Volume 19 Issue 46 | March 30 - April 5, 2007

City makes a splash with squash, bike ideas

By Skye H. McFarlane

Squash courts, bike rentals and educational space for the South Street Seaport Museum may be in the plans for the East River waterfront park, city representatives told Community Board 1 members Monday night.

Although the process of deciding on uses for the park’s piers and pavilions will not officially begin until this summer, the city gave C.B. 1 a preview of what it is considering in an attempt to assuage fears that the park would be inappropriately commercialized.

Though board members still expressed some concerns about community amenities and bus parking, the Waterfront Committee voted to approve the city’s Uniform Land Use Review Procedure application, provided that the public retains adequate access to the water and ample open space on Pier 15. If the full board approves the resolution on April 17, it will become C.B. 1’s official word on the ULURP application.

Back on Jan. 23, representatives from the city’s Economic Development Corporation, which controls the East River waterfront project, were grilled by the Waterfront Committee on their plans to “dispose” of three areas around Pier 15. The dispositions — two under the F.D.R. Drive near Maiden Lane and one on Pier 15 near the Seaport — would allow the city to lease out the public space to commercial tenants such as retailers or food vendors. The leases would be designed to both enhance the use of the park and to generate revenue to support park maintenance.

Though both the January meeting and Monday night’s presentation were designed to address the ULURP application alone, community members expressed discomfort at the idea of approving commercial spaces without knowing what the city planned to do with those spaces.
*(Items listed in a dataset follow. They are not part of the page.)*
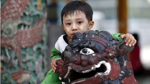 在神圣的仰光的大金塔,一位缅甸男孩爬上一尊石像鬼雕像。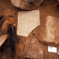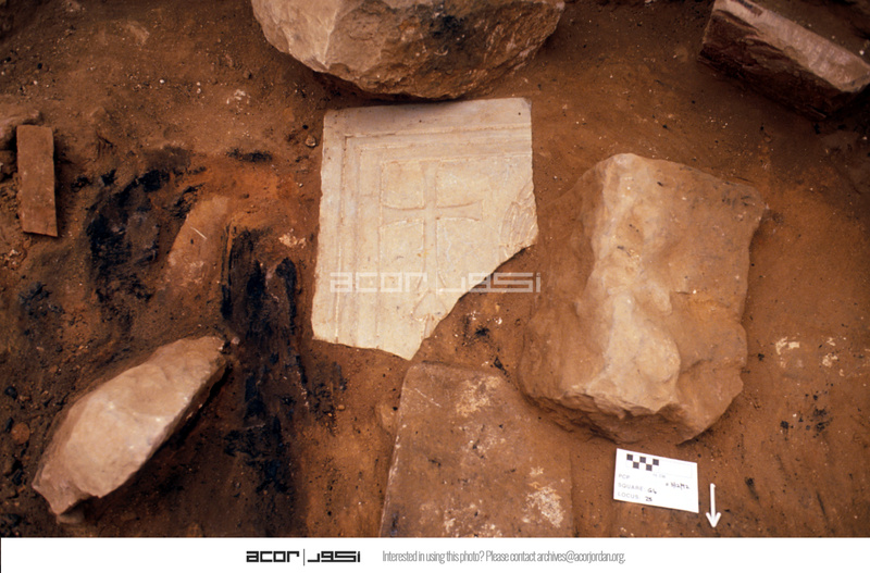 Marble w/cross. In-situ. View to north. - Sq. G4. Locus 25.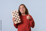 A young chess fan. A teenage girl with a chessboard in her hand looks at the camera with her thumb up. Red sweater, light blue background

“You don’t want to be super-specific on a ULURP because it’s such a long and expensive process,” the E.D.C.’s William Kelly explained Monday. Kelly said that the community would have a say in choosing the lease holders during this summer’s Request For Proposals process. The community will also have input in the park’s conceptual design and programming, set for May or June. The city’s design team, led by SHoP Architects, then hopes to produce a more concrete set of schematic park plans by September.

However, Kelly said that he was sensitive to the board’s concerns about commercial uses. Therefore he gave board members a sneak peek at what the city plans to look for in its summer R.F.P.’s.

“We’re not talking about gas stations and t-shirt shops,” Kelly assured the committee. He said that waterfront zoning would only allow water-dependant or water-enhancing uses such as boating, recreation and food service. Specifically, in the pavilions under the F.D.R., the city would like to see a squash and/or racquetball facility in one pavilion, with the second pavilion split between a bike rental facility and a “canteen-style” restaurant.

Out on Pier 15, the city has asked to dispose of 6,000 square feet anywhere within a 21,000-square-foot envelope in the center of the pier. Kelly said that the E.D.C. would like to turn the 6,000 square foot building into an educational center for the South Street Seaport Museum, which controlled the original Pier 15 before it was torn down. The museum could use the space for boat building, workshops and hosting events.

Though Kelly said in January that the Pier 15 building could be 30 feet high with a 40-foot setback, the E.D.C.’s slides on Monday capped the building at 20 feet. In addition, Gregg Pasquarelli of SHoP said that the architects are looking into ways to use the building’s roof as public, open space.

“We are really shooting so that we can have no loss of open space whatsoever,” said Pasquarelli, who has also presented to C.B. 1 as a part of the General Growth Properties team that is redesigning the area around Pier 17.

While the board members and assembled residents were largely pleased with the idea of active recreation and educational space for the museum, they still expressed some concerns about the plan.

“My main priority is community amenities and a lot of what I see here is more about serving the commuters and the tourists,” said Ro Sheffe.

Another looming issue is that one of the proposed commercial areas under the F.D.R. currently serves as a municipal parking lot for 80 commuter buses. Kelly said that the city Department of Transportation is studying how to deal with the displaced buses, but as yet there is no plan in place.

One board member, George Olsen, voted against approving the ULURP application, saying he feared that an event space on Pier 15 would lead to parties spilling out of the building and turning the public space into a private, inaccessible area. Olsen and others would like to see the open space on the pier used for public recreation such as a lawn or a small sports field.

“These things get a life of their own. You have trouble stopping them once they get rolling,” Olsen said of the potential for private events on the pier. “I know I’ll probably get out-voted here, but don’t worry — I’ll fight it at the R.F.P. meetings, too.”